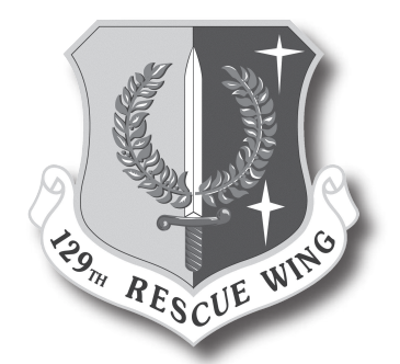
These Things We Do... That Others May Live...
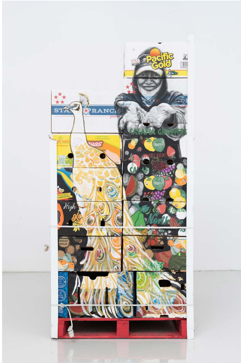
Pacific Gold Ink, Gouache, charcoal, collage, acrylics, and small paintings on produce boxes 82 x 40 x 48 inches 2021
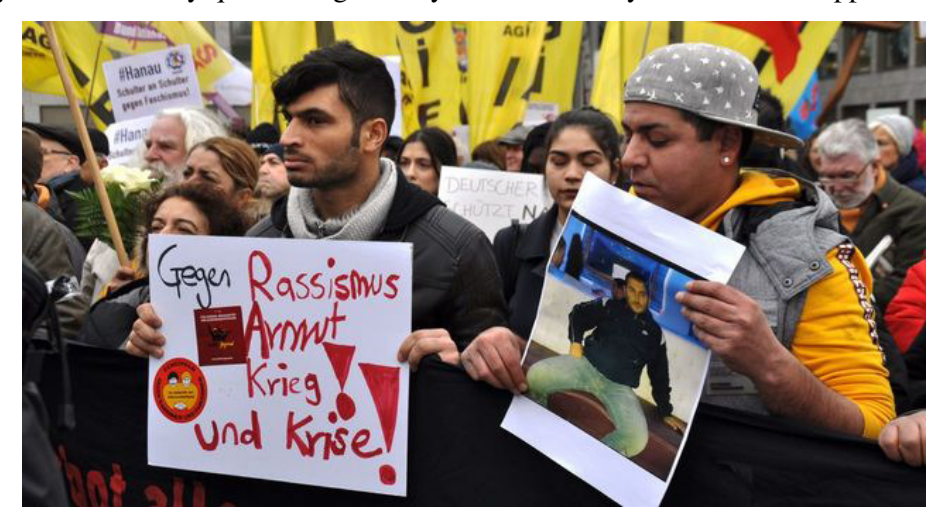
Demonstrators in Hanau

That the shift to the right actually comes from above, "I can well imagine," she said. "That would suit the government well. The way I see it, either they don't care what happens here or they think it's really quite all right. Why else would they allow this to happen?"
■ ■ ■ ■ ■
WHAT IS REQUIRED
Copy the whole listing above word for word but do not carry over the pictures.

RESPONSE TO THIS EXERCISE
These Things We Do... That Others May Live...
Pacific Gold Ink, Gouache, charcoal, collage, acrylics, and small paintings on produce boxes 82 x 40 x 48 inches 2021
Demonstrators in Hanau

That the shift to the right actually comes from above, "I can well imagine," she said. "That would suit the government well. The way I see it, either they don't care what happens here or they think it's really quite all right. Why else would they allow this to happen?"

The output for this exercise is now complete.